> **WHAT IS REQUIRED**
Restate word for word the lines below from the one that has "主要用于公路、市区、停车场、" through the one that has "Descripción del producto: Bioestimulante", keeping both and dropping all pictures.

> **SUPPLIED DATA**
+ + + +

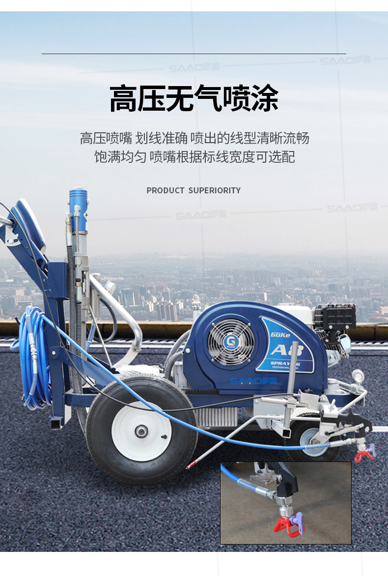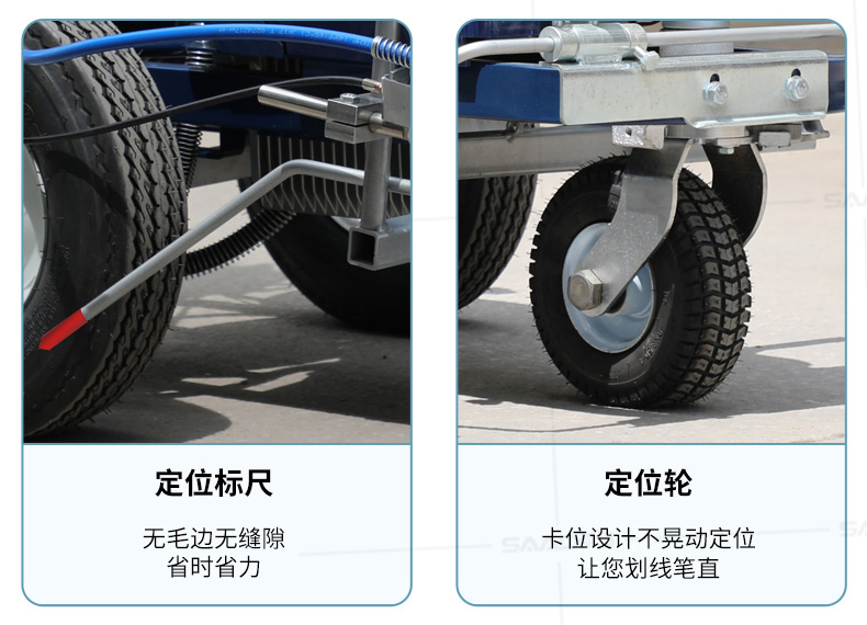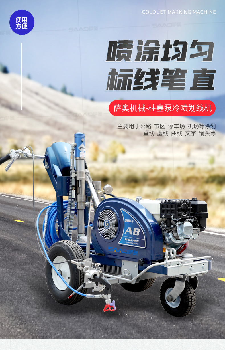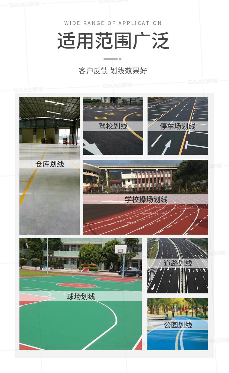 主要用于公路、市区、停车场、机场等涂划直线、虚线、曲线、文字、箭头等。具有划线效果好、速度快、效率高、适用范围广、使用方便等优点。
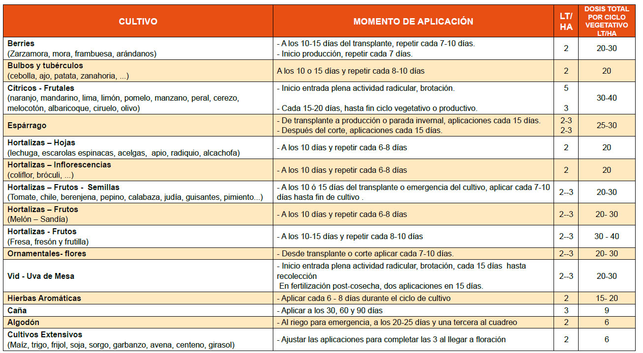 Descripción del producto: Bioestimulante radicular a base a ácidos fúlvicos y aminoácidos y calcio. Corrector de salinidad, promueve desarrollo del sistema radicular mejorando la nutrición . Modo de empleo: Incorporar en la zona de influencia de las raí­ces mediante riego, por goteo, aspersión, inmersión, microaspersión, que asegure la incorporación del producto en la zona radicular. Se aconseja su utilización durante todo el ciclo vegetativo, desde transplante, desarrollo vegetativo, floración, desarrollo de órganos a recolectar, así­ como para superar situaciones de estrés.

+ + + +

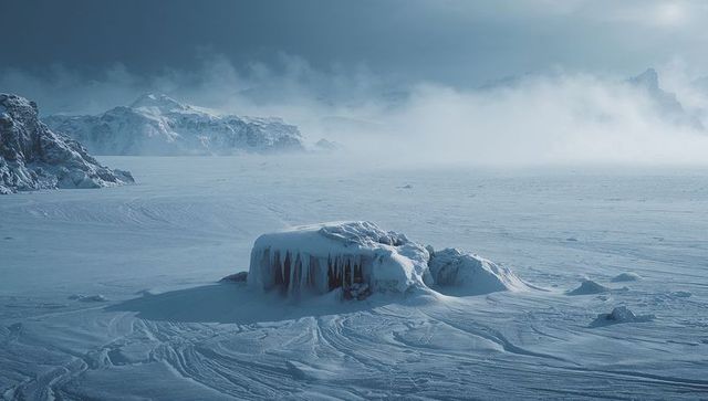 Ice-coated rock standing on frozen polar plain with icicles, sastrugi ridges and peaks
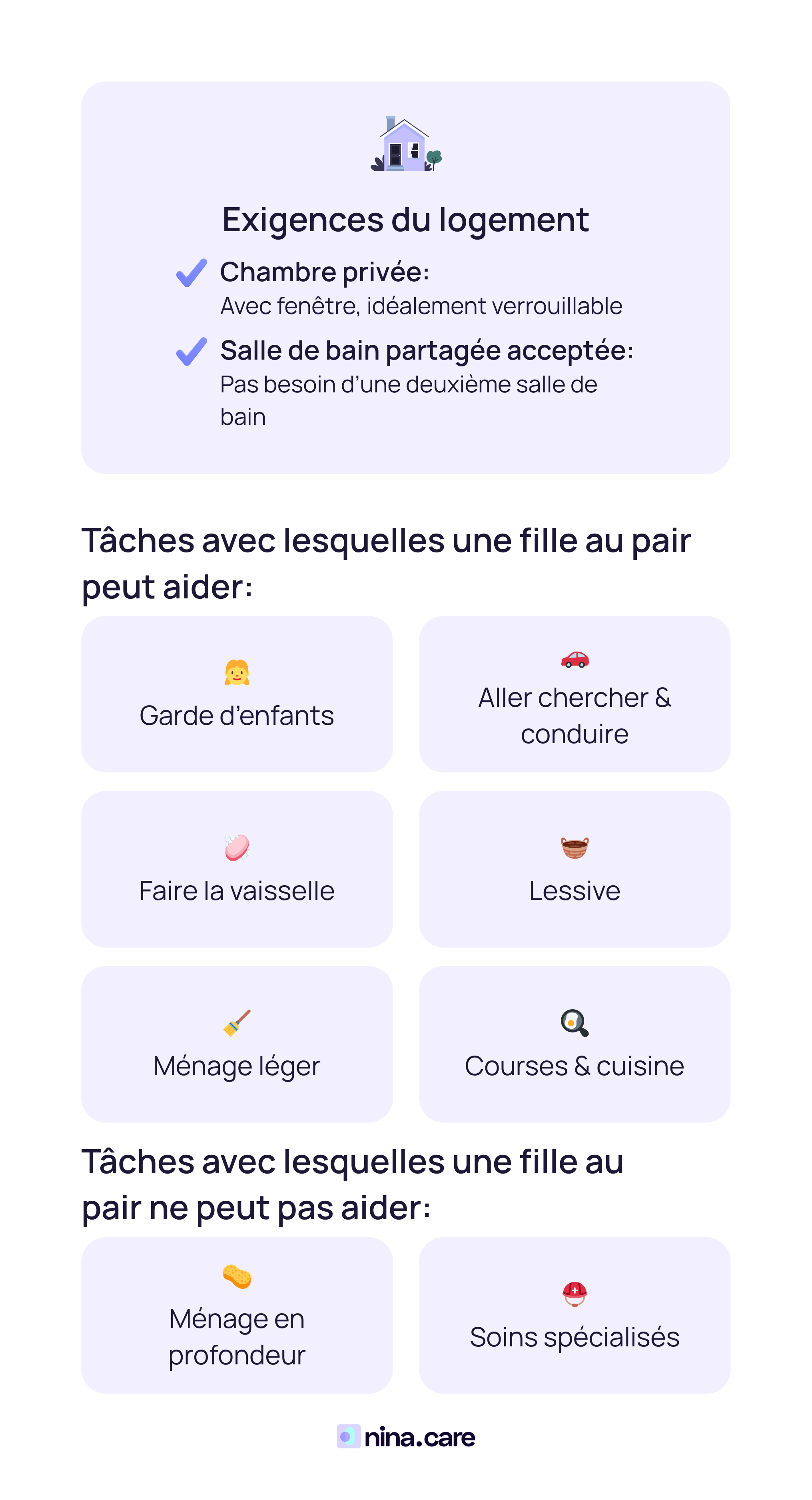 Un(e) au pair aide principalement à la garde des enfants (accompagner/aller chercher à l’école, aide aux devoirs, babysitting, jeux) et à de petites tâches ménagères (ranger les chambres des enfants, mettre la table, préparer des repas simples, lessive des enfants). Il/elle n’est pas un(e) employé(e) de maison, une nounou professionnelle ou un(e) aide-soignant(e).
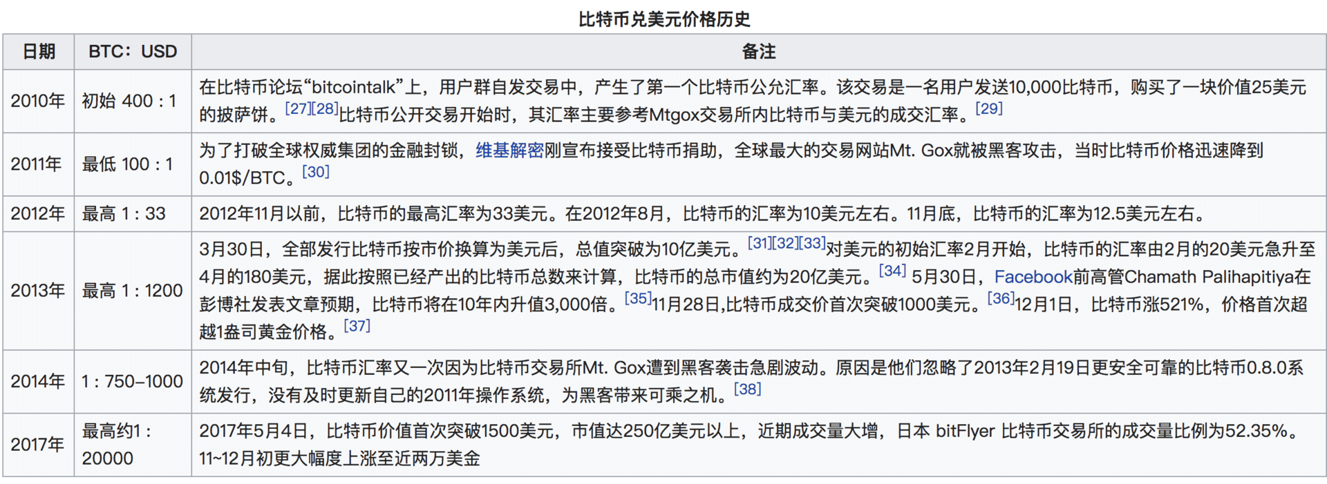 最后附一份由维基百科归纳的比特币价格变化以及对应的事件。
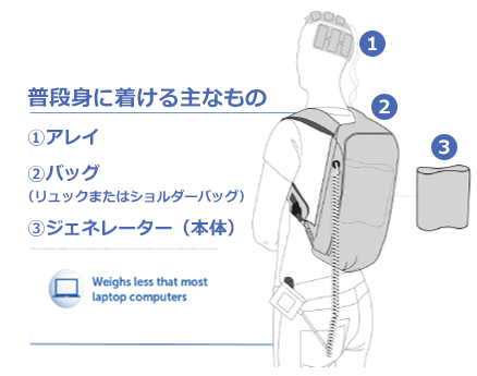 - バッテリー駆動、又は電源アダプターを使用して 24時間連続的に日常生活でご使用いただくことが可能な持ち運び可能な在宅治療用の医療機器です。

+ + + +

> **RESPONSE AREA**
 主要用于公路、市区、停车场、机场等涂划直线、虚线、曲线、文字、箭头等。具有划线效果好、速度快、效率高、适用范围广、使用方便等优点。
 Descripción del producto: Bioestimulante radicular a base a ácidos fúlvicos y aminoácidos y calcio. Corrector de salinidad, promueve desarrollo del sistema radicular mejorando la nutrición . Modo de empleo: Incorporar en la zona de influencia de las raí­ces mediante riego, por goteo, aspersión, inmersión, microaspersión, que asegure la incorporación del producto en la zona radicular. Se aconseja su utilización durante todo el ciclo vegetativo, desde transplante, desarrollo vegetativo, floración, desarrollo de órganos a recolectar, así­ como para superar situaciones de estrés.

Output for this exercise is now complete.